→ **What is required**: Repeat all of the data below word for word, keeping no images.

Data items
# # # # # # #

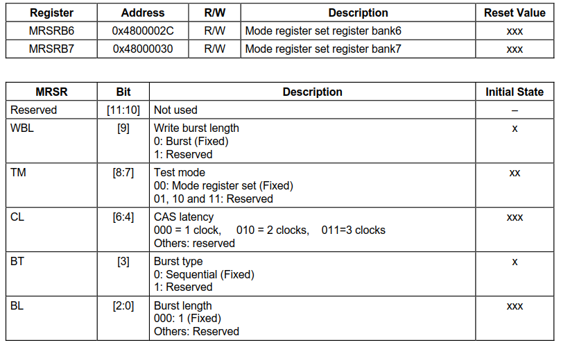 这个寄存器只有CL是可设置的,其他都为Fixed,因为SDRAM这种内存芯片其实性能不是很好,我们在发送完地址后,一般需要等待2或3个时钟周期才有数据返回,CL正是设置这一点的,我们的SDRAM芯片可配置为2或者3,我们配置为2,所以MRSRB6和MRSRB7配置为0X20。
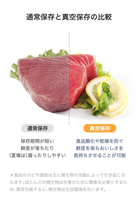 保存期間を延ばすだけではなく、食材の「味」「香り」「食感」も長持ちさせ、いつまでも作りたてのような味を楽しめます。
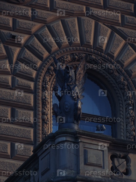 Статуя "Грифон" над входом со Дворцовой набережной в музей "Эрмитаж" города Санкт-Петербурга
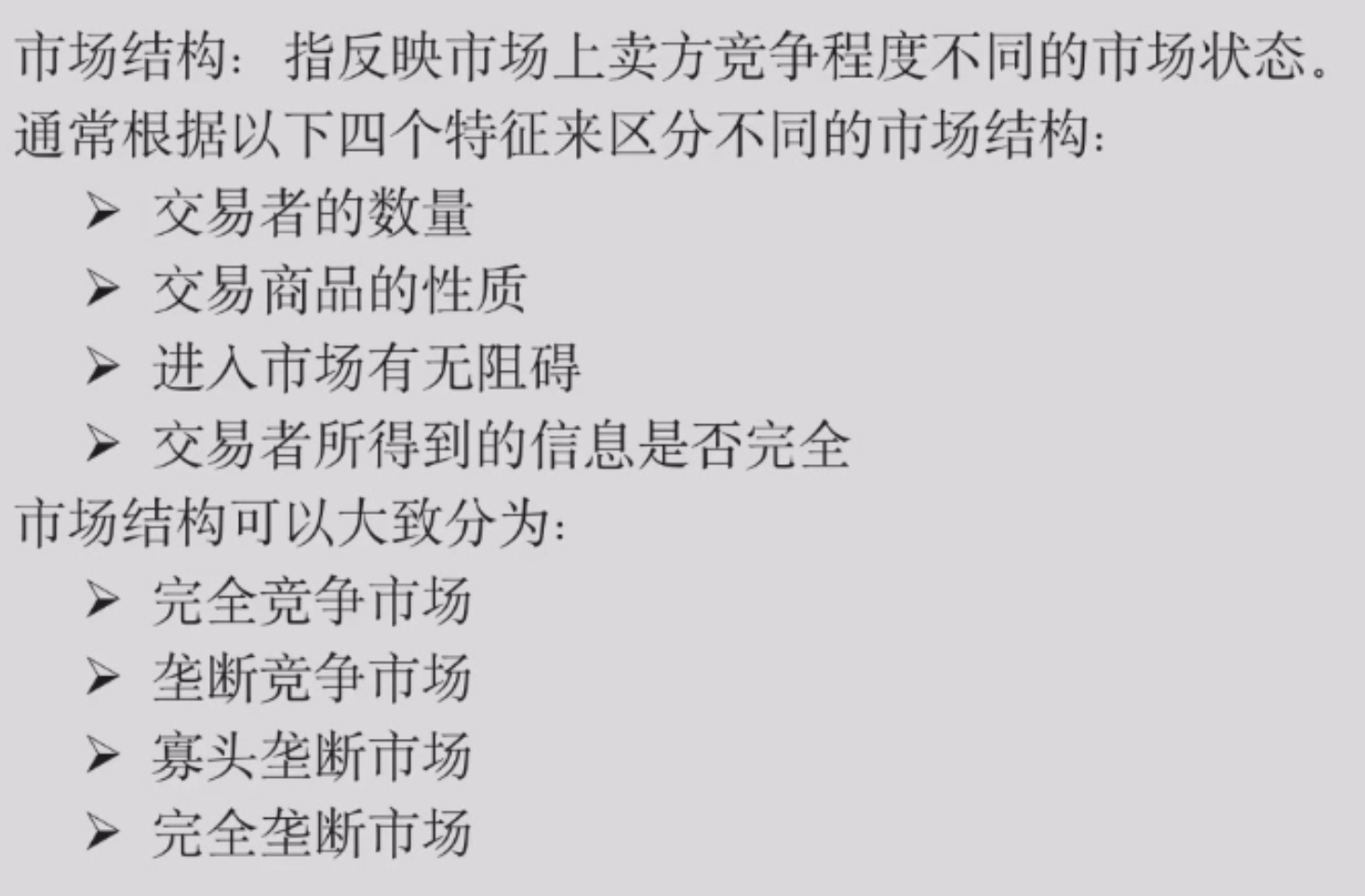 完全竞争 $\to \cdots \to $ 完全垄断,竞争程度逐渐降低
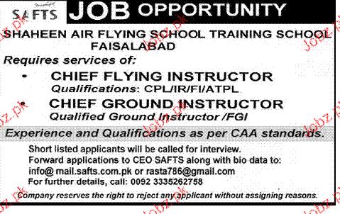 Chief Flying Instructors And Chief Ground Instructors Wanted
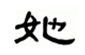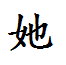 用于女性第三人称;亦用以代称国家,山河,旗帜等,表示敬爱。
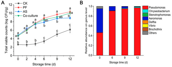 Microbial characteristics of refrigerated grass carp. (A) Changes in total viable count of refrigerated grass carp inoculated with P. fragi, A. salmonicida, and their co-culture during storage. (B) Microbial composition in refrigerated grass carp fillets in the co-culture group at genus level. Different letters represent significant differences (p < 0.05) between different groups at the same day. CK, PF, and AS represent control, P. fragi, and A. salmonicida, respectively.

# # # # # # #

→ **Expected answer**:
 这个寄存器只有CL是可设置的,其他都为Fixed,因为SDRAM这种内存芯片其实性能不是很好,我们在发送完地址后,一般需要等待2或3个时钟周期才有数据返回,CL正是设置这一点的,我们的SDRAM芯片可配置为2或者3,我们配置为2,所以MRSRB6和MRSRB7配置为0X20。
 保存期間を延ばすだけではなく、食材の「味」「香り」「食感」も長持ちさせ、いつまでも作りたてのような味を楽しめます。
 Статуя "Грифон" над входом со Дворцовой набережной в музей "Эрмитаж" города Санкт-Петербурга
 完全竞争 $\to \cdots \to $ 完全垄断,竞争程度逐渐降低
 Chief Flying Instructors And Chief Ground Instructors Wanted
 用于女性第三人称;亦用以代称国家,山河,旗帜等,表示敬爱。
 Microbial characteristics of refrigerated grass carp. (A) Changes in total viable count of refrigerated grass carp inoculated with P. fragi, A. salmonicida, and their co-culture during storage. (B) Microbial composition in refrigerated grass carp fillets in the co-culture group at genus level. Different letters represent significant differences (p < 0.05) between different groups at the same day. CK, PF, and AS represent control, P. fragi, and A. salmonicida, respectively.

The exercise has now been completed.